央都の出張所も例に漏れず、とりあえず見た目は捨て置き一通りの機能だけはどうにか復旧させ、本日より業務を再開していた。
そんな出張所の一室、厳重に守られていたおかげで機能共々無傷だった部屋の一つ――通信室に姉妹の姿はあった。
「おいコロナ、今なんて言った? 最南の町一つ埋め尽くす量の水霊クラゲだって?」
前文明の遺産の一つである箱型通信端末に繋がれた、小部屋の壁一面に広がろうかという大型ディスプレイに映るのは、目つき鋭い褐色の女性の訝しげな表情。
その視線を真っ直ぐに見つめ返し、クラゲについて改めて報告を終えたコロナはこくんと頷いた。
「その通りだよ、エクレールさん」
「だけどなぁ……」
短髪に手をやって、うーんと唸るエクレール。
「ほんとだもん! わたしはともかく、お姉ちゃんは信じてよ!」
「いや、コロナを疑っているわけじゃなくてだな……」
コロナのことは信用しているが、事象があまりにも珍妙故に半信半疑から進めないといったところだろうか。
そんなエクレールに対して、コロナに横から抱きつくようにしているフロンは、不満げに頬を膨らませている。
その肩には捕獲したものを手懐けたのか、一匹の水霊クラゲが大人しく座って……絡み付いていた。
大きさは、中央触手の先から頭頂部まで長さ十センチメートル未満、横幅は掌に乗せても少し余る程度といったところだろう。
「ねえエクレールさん、先に居たのは纏めて、後から流れてきたのは片端から焼き払っちゃったから、まともな証拠を提示できないこっちも悪いけど、水霊クラゲは確かにここにいるんだよ? それに、こんな馬鹿みたいな嘘吐いてもしょうがないよ。だいたい師匠じゃないんだから……」
どうにか納得させられないかとコロナが尚も言い募ろうとしたところで、
「――いくら私だって、そんなバレバレの嘘は吐きませんよ?」
「おわっ!」
後ろで一纏めにされた水色の髪を揺らしながら、ぬっとディスプレイに姿を現す長身の男性。
形状だけ前文明の軍服とやらを模した青と白の衣装の彼は、その細身には不釣り合いな大きな剣状の得物を二振り交差するようにして背負っている。
見るからに重そうなのに当人の表情は涼しげだ。
それを目にしたリリィ姉妹に驚いた様子がないことから、それも普段通りの見慣れた姿ということだろう。
そこまで音どころか気配さえなかったのか、エクレールが声を上げて驚き、その身をびくりと跳ねさせる。
拍子に空中を流れた青白い雷光は美しく、まるで流れ星の軌跡のようで。
それを目にした姉妹は、願い事でも言えばよかったかなと思っていた。
幸いなことに機器への影響は生じていない。
「なんだよ爺さん、戻ってたのか……。びっくりさせんなよ、もう……」
「たった今ですね」
爺さんと呼ばれるには若過ぎる外見の細目の男性は穏やかにそう答え、コロナとフロンに微笑んだ。

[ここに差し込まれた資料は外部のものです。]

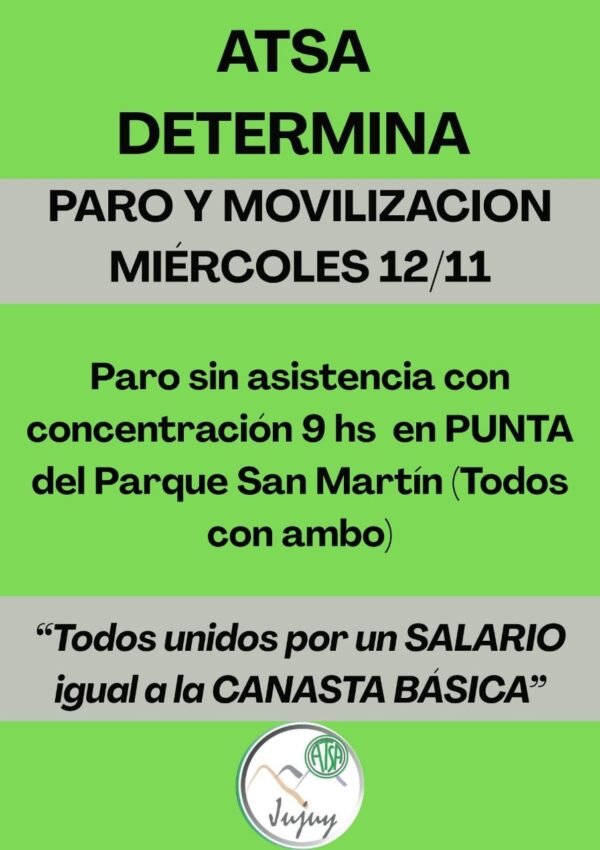 La Asociación de Trabajadores de la Sanidad Argentina (Atsa-Jujuy), realizará este miércoles un paro de 24 horas ante la necesidad que los equipos de salud puedan acceder al valor salarial de la canasta básica total.
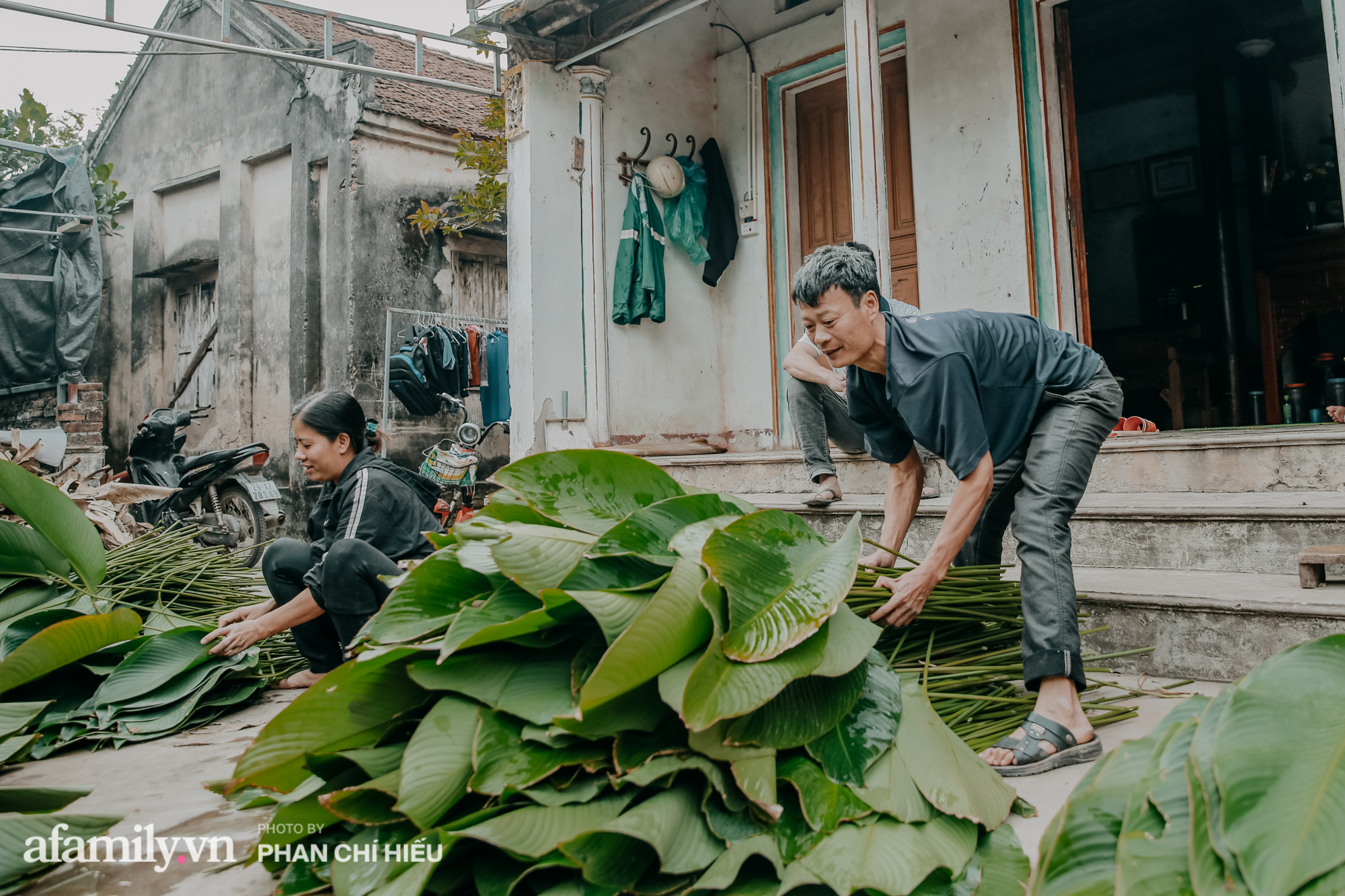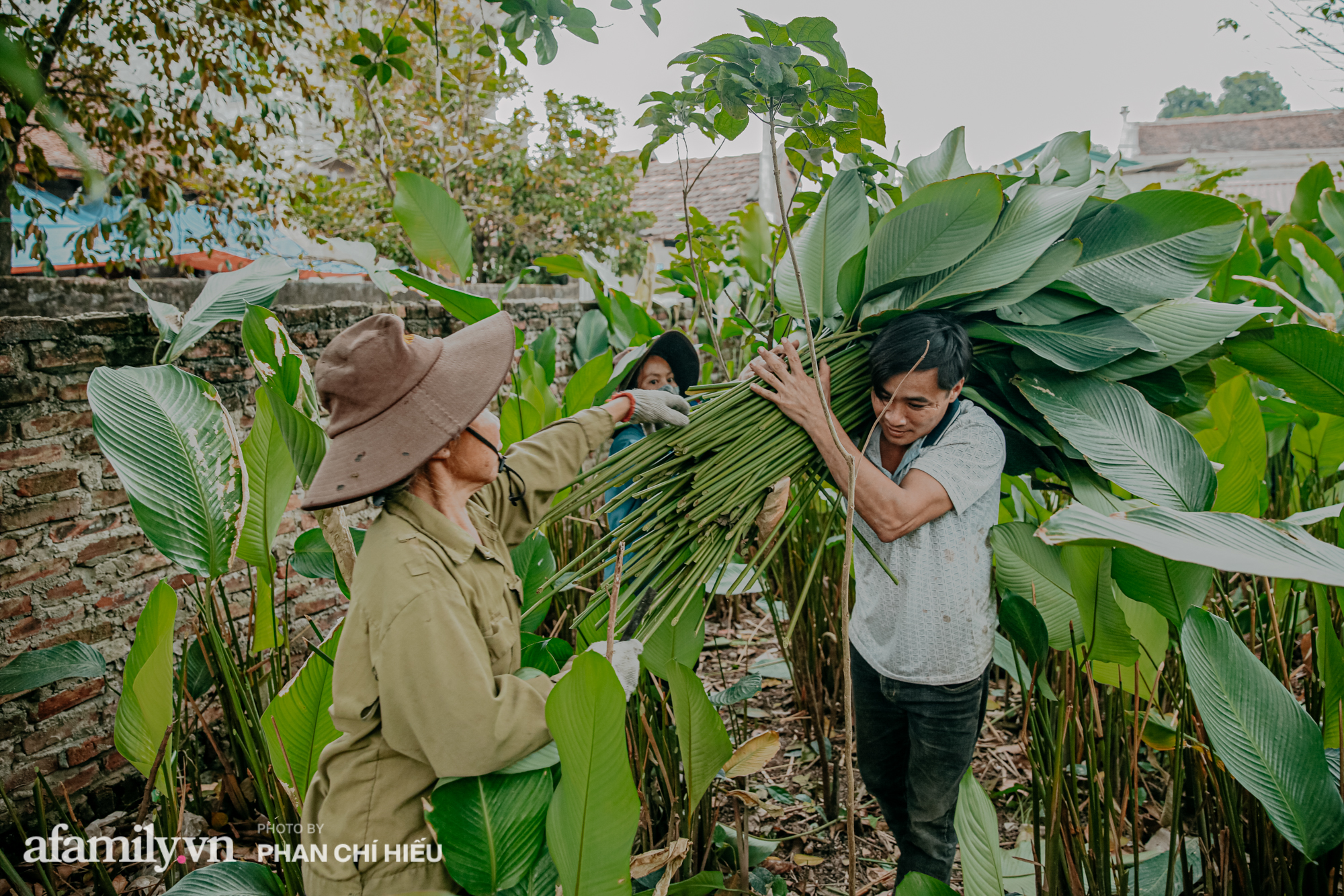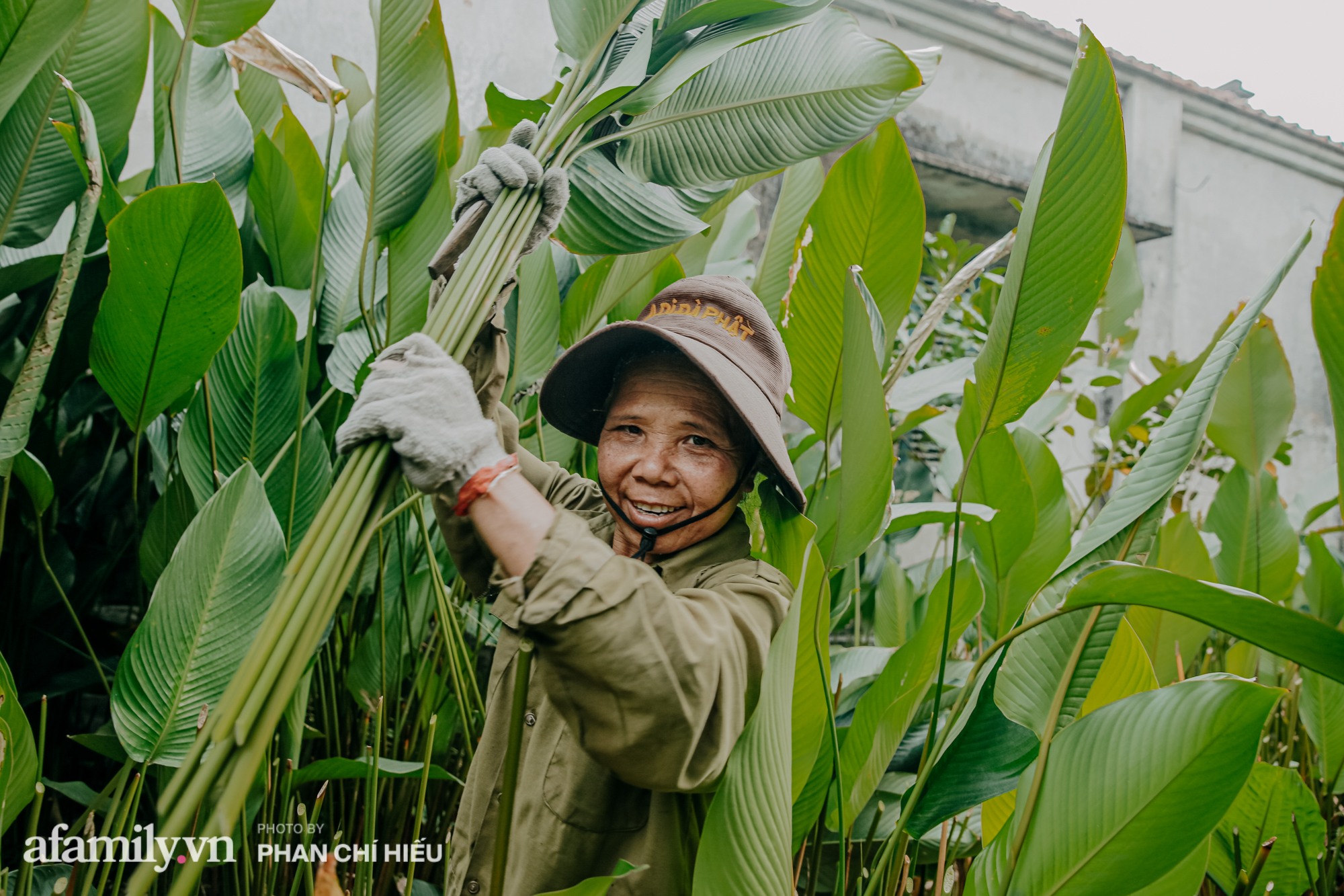 Trong một "rừng" lá dong, những người dân tại làng Tràng Cát liên tục phân chia công việc, mỗi mẫu ruộng sẽ có khoảng 4 người thu hoạch liên tục, người thì cắt, người thì vận chuyển từng bó lá về nhà để phân loại.

「コロナ、フロン。二人とも元気にしているようで何よりです」
「……ご無沙汰しております、師匠」
「久しぶりですね、コロナ。そのうざいと言わんばかりの表情もなんだか懐かしいです」
「そっ、そんな顔してません!」
「そうですか? 目が泳いでいますよ?」
「えっ、嘘!?」
「ええ、嘘です」
「ーーーーっ!」
にこやかに返す師匠にコロナは一瞬惚けた後。
何か言おうとして、けれど言葉が咄嗟に浮かばず、とにかく口だけがパクパクと動いた。
「おや、魚の真似ですか?」
「ちっがーうっ! ああもうっ! またっ、またやられた!!」
「相変わらずのようですね。このまま旅を続けさせること、少し心配になりました」
「ふ、二人の時はちゃんとしてるから!」
「だといいのですが……。それからフ――」
「ねえ“パパ”これ見て! 水霊クラゲ捕まえたんだ! 名前はユララにしたよー!」
挨拶ついでにからかわれて赤面しているコロナから“師匠”の視線が自分に向けられるや否や、フロンは身を乗り出し、ディスプレイにクラゲを乗せた肩をぐいっと近づける。
紹介されたクラゲは、挨拶するかのように幾本かの触手を束ねてゆらゆらと揺らして見せた。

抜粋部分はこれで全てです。